- What is being asked
In the entries that follow, the first line to write out is the one containing "Foto n. 5 Roggia", and the last is the one containing "Filetti di tonno Rio Mare vari tipi g 180". Reproduce that stretch exactly, with nothing before or after it.
*** Begin section ***
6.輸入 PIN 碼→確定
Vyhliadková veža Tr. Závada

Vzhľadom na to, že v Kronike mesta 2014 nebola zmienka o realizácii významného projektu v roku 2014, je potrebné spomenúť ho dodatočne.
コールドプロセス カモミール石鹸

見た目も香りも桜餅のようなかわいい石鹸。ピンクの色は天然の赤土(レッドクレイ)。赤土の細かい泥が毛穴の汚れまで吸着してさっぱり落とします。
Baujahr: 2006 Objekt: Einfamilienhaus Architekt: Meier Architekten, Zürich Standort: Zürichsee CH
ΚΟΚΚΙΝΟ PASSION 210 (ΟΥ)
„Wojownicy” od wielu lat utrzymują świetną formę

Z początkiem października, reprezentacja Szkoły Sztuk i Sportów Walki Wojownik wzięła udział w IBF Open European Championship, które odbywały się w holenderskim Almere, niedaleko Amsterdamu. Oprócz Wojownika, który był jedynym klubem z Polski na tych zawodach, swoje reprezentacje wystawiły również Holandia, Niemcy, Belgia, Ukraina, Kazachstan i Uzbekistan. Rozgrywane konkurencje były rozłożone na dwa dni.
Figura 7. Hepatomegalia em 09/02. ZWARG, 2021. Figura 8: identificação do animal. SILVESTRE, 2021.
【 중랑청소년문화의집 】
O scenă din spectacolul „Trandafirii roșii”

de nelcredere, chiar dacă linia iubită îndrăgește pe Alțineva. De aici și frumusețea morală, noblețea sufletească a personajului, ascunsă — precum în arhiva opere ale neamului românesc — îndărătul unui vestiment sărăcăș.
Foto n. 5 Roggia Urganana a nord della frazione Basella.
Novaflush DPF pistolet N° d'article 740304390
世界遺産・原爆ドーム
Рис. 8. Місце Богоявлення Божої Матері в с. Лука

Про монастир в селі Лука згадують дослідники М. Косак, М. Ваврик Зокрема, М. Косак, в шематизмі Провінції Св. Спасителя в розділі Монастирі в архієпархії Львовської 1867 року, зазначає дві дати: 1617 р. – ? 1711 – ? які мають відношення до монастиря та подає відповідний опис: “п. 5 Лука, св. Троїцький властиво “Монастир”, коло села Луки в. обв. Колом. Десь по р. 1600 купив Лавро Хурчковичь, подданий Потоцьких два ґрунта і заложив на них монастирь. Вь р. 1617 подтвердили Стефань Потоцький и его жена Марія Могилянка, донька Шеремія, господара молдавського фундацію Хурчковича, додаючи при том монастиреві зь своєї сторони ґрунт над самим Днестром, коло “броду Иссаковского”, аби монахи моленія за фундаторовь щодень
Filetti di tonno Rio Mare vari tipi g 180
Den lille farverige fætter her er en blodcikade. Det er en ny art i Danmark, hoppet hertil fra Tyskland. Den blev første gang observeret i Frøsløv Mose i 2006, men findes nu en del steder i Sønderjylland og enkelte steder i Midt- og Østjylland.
*** End section ***
*** Begin section ***
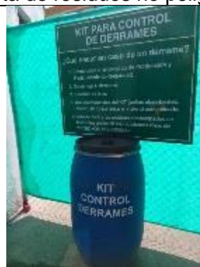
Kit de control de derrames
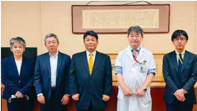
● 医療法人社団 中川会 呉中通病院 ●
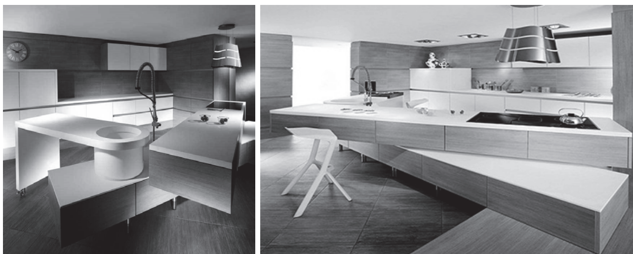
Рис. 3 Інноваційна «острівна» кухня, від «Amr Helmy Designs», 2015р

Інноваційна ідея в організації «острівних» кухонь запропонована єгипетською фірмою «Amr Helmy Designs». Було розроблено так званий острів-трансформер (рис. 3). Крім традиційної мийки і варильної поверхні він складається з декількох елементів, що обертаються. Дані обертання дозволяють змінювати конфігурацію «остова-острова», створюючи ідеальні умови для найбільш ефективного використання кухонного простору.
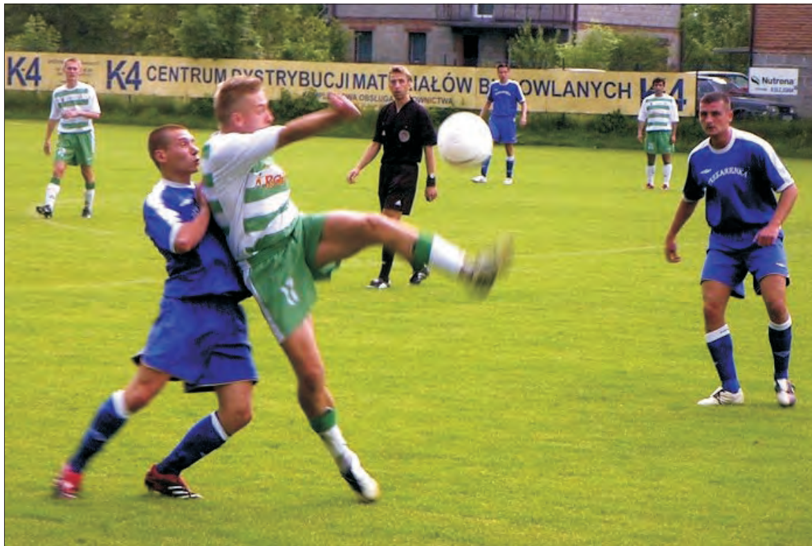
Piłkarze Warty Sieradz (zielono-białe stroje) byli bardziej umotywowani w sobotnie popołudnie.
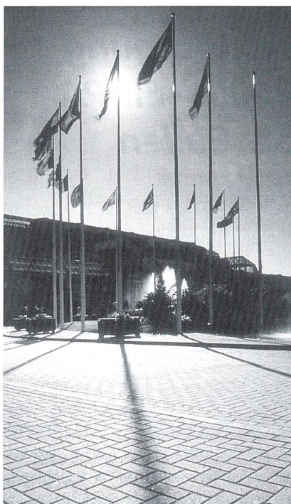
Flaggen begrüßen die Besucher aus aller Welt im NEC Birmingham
*** End section ***
- Output below
Foto n. 5 Roggia Urganana a nord della frazione Basella.
Novaflush DPF pistolet N° d'article 740304390
世界遺産・原爆ドーム
Рис. 8. Місце Богоявлення Божої Матері в с. Лука

Про монастир в селі Лука згадують дослідники М. Косак, М. Ваврик Зокрема, М. Косак, в шематизмі Провінції Св. Спасителя в розділі Монастирі в архієпархії Львовської 1867 року, зазначає дві дати: 1617 р. – ? 1711 – ? які мають відношення до монастиря та подає відповідний опис: “п. 5 Лука, св. Троїцький властиво “Монастир”, коло села Луки в. обв. Колом. Десь по р. 1600 купив Лавро Хурчковичь, подданий Потоцьких два ґрунта і заложив на них монастирь. Вь р. 1617 подтвердили Стефань Потоцький и его жена Марія Могилянка, донька Шеремія, господара молдавського фундацію Хурчковича, додаючи при том монастиреві зь своєї сторони ґрунт над самим Днестром, коло “броду Иссаковского”, аби монахи моленія за фундаторовь щодень
Filetti di tonno Rio Mare vari tipi g 180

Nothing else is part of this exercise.